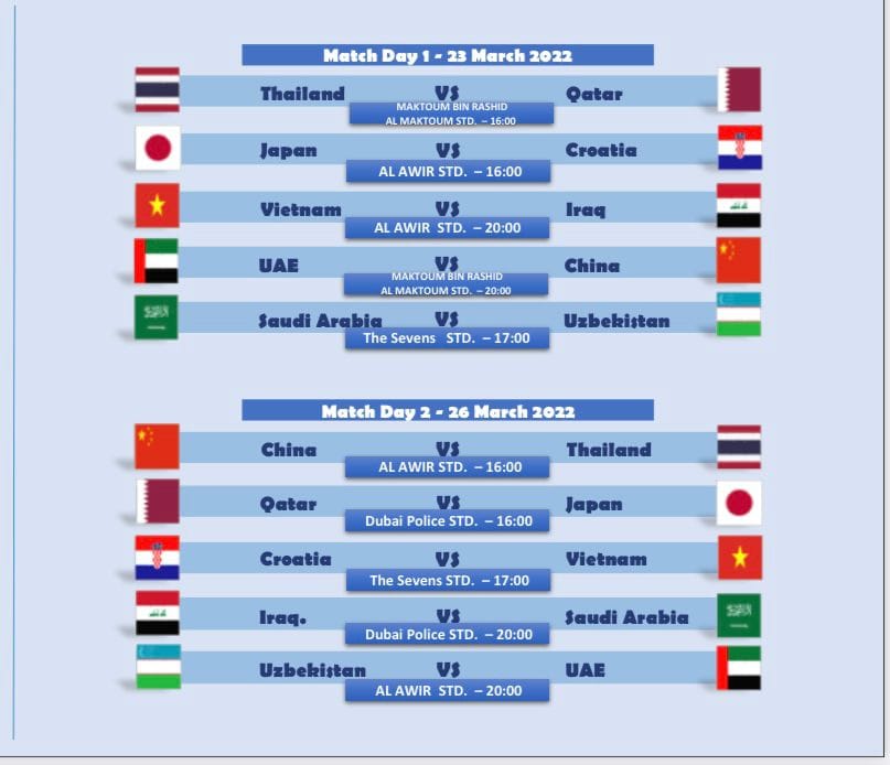 แต่เพจ สถานกงสุลใหญ่ ณ เมืองดูไบ แจ้วว่าเจ้าภาพมีการ เปลี่ยนแปลงเป็นสนามมักทูม บิน ราชิด อัล-มักทูม สเตเดี้ยม เวลา 19.00 น.(เวลาไทย)
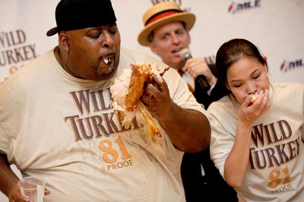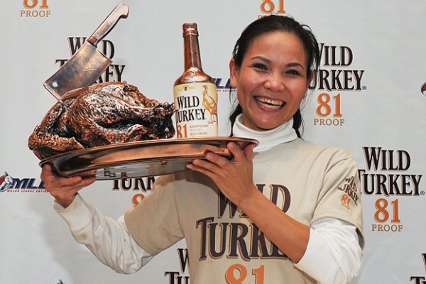 جفرا نيوز- تمكنت سيدة امريكية من التهام ديك بوزن أكثر من 2.3 كيلو جرامات خلال 10 دقائق في مسابقة أقيمت في مدينة نيويورك متفوقه على 6 أفراد .
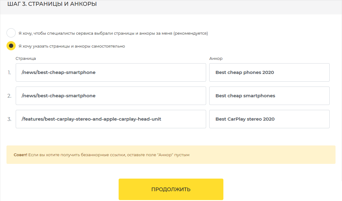 3) Далее нужно добавить страницы и анкоры для продвижения. Максимальное количество страниц ограничено количеством заказанных ссылок. Рекомендуем использовать не более 30-50% коммерческих анкоров, а если сайту меньше года, про коммерческие анкоры лучше вообще забыть. Также можно выбрать опцию подбора страниц сервисом, тогда страницы подберут ребята из команды TwelveLinks.
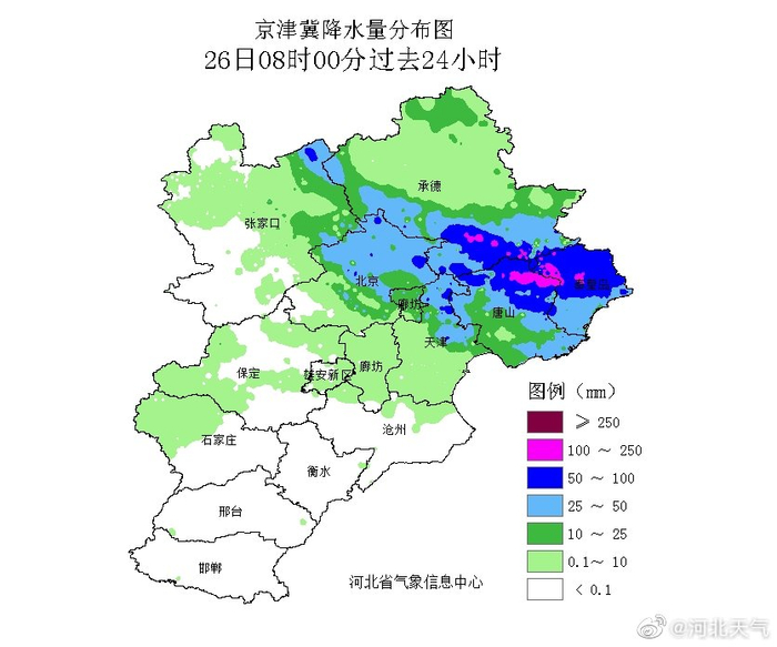 #降水实况# 【河北省气象台6月26日8时发布天气实况】25日8时-26日8时,张家口、承德、唐山、秦皇岛、保定中北部、雄安新区、廊坊、石家庄西北部、沧州北部出现降雨,降雨区平均降水量22.9毫米,张家口东北部、承德南部、唐山北部、秦皇岛有281个站点累计降水量超过50毫米(暴雨),其中承德南部、唐山北部、秦皇岛中西部有56个站点超过100毫米(大暴雨),滦平县井上村最大为142.8毫米(大暴雨),小时最大降水也出现在此地,为88.4毫米。25日下午到夜间张家口、承德、廊坊、唐山、秦皇岛有12个县(市)出现8级以上大风,瞬时风力康保最大为10级,沽源、崇礼、丰宁、玉田出现冰雹,沽源冰雹测站最大直径1.5厘米。
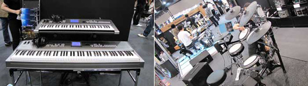 ▲(写真:左)エントリーモデルのMM6/MM8やMOXシリーズも人気のシンセサイザー。(写真:右)電子ドラムのDTXシリーズも多数用意。ドラマーがひっきりなしに訪れ撮影も一苦労。
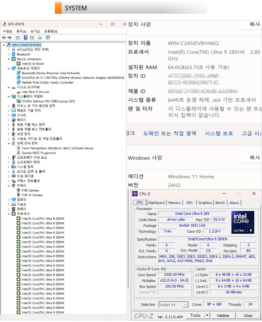 시스템 정보를 확인하고 있는 모습으로 8개의 성능코어에 16개의 효율코어가 더해진 (40MB & 36MB 캐시) 인텔코어 울트라 9 프로세서 285HX 프로세서가 장착되어 있고 64GB DDR5 듀얼채널 메모리, 4TB NVMe SSD (RAID 0) 등을 지원해 빠른 속도를 즐길 수 있다. 뿐만 아니라 RTX 5080 랩탑 GPU가 장착되어 대부분의 게임을 풀옵션으로 즐길 수 있다.
++++++++++
What this task involves: Copy every record character for character. Skip the pictures.

Answer to the exercise:
 แต่เพจ สถานกงสุลใหญ่ ณ เมืองดูไบ แจ้วว่าเจ้าภาพมีการ เปลี่ยนแปลงเป็นสนามมักทูม บิน ราชิด อัล-มักทูม สเตเดี้ยม เวลา 19.00 น.(เวลาไทย)
 جفرا نيوز- تمكنت سيدة امريكية من التهام ديك بوزن أكثر من 2.3 كيلو جرامات خلال 10 دقائق في مسابقة أقيمت في مدينة نيويورك متفوقه على 6 أفراد .
 3) Далее нужно добавить страницы и анкоры для продвижения. Максимальное количество страниц ограничено количеством заказанных ссылок. Рекомендуем использовать не более 30-50% коммерческих анкоров, а если сайту меньше года, про коммерческие анкоры лучше вообще забыть. Также можно выбрать опцию подбора страниц сервисом, тогда страницы подберут ребята из команды TwelveLinks.
 #降水实况# 【河北省气象台6月26日8时发布天气实况】25日8时-26日8时,张家口、承德、唐山、秦皇岛、保定中北部、雄安新区、廊坊、石家庄西北部、沧州北部出现降雨,降雨区平均降水量22.9毫米,张家口东北部、承德南部、唐山北部、秦皇岛有281个站点累计降水量超过50毫米(暴雨),其中承德南部、唐山北部、秦皇岛中西部有56个站点超过100毫米(大暴雨),滦平县井上村最大为142.8毫米(大暴雨),小时最大降水也出现在此地,为88.4毫米。25日下午到夜间张家口、承德、廊坊、唐山、秦皇岛有12个县(市)出现8级以上大风,瞬时风力康保最大为10级,沽源、崇礼、丰宁、玉田出现冰雹,沽源冰雹测站最大直径1.5厘米。
 ▲(写真:左)エントリーモデルのMM6/MM8やMOXシリーズも人気のシンセサイザー。(写真:右)電子ドラムのDTXシリーズも多数用意。ドラマーがひっきりなしに訪れ撮影も一苦労。
 시스템 정보를 확인하고 있는 모습으로 8개의 성능코어에 16개의 효율코어가 더해진 (40MB & 36MB 캐시) 인텔코어 울트라 9 프로세서 285HX 프로세서가 장착되어 있고 64GB DDR5 듀얼채널 메모리, 4TB NVMe SSD (RAID 0) 등을 지원해 빠른 속도를 즐길 수 있다. 뿐만 아니라 RTX 5080 랩탑 GPU가 장착되어 대부분의 게임을 풀옵션으로 즐길 수 있다.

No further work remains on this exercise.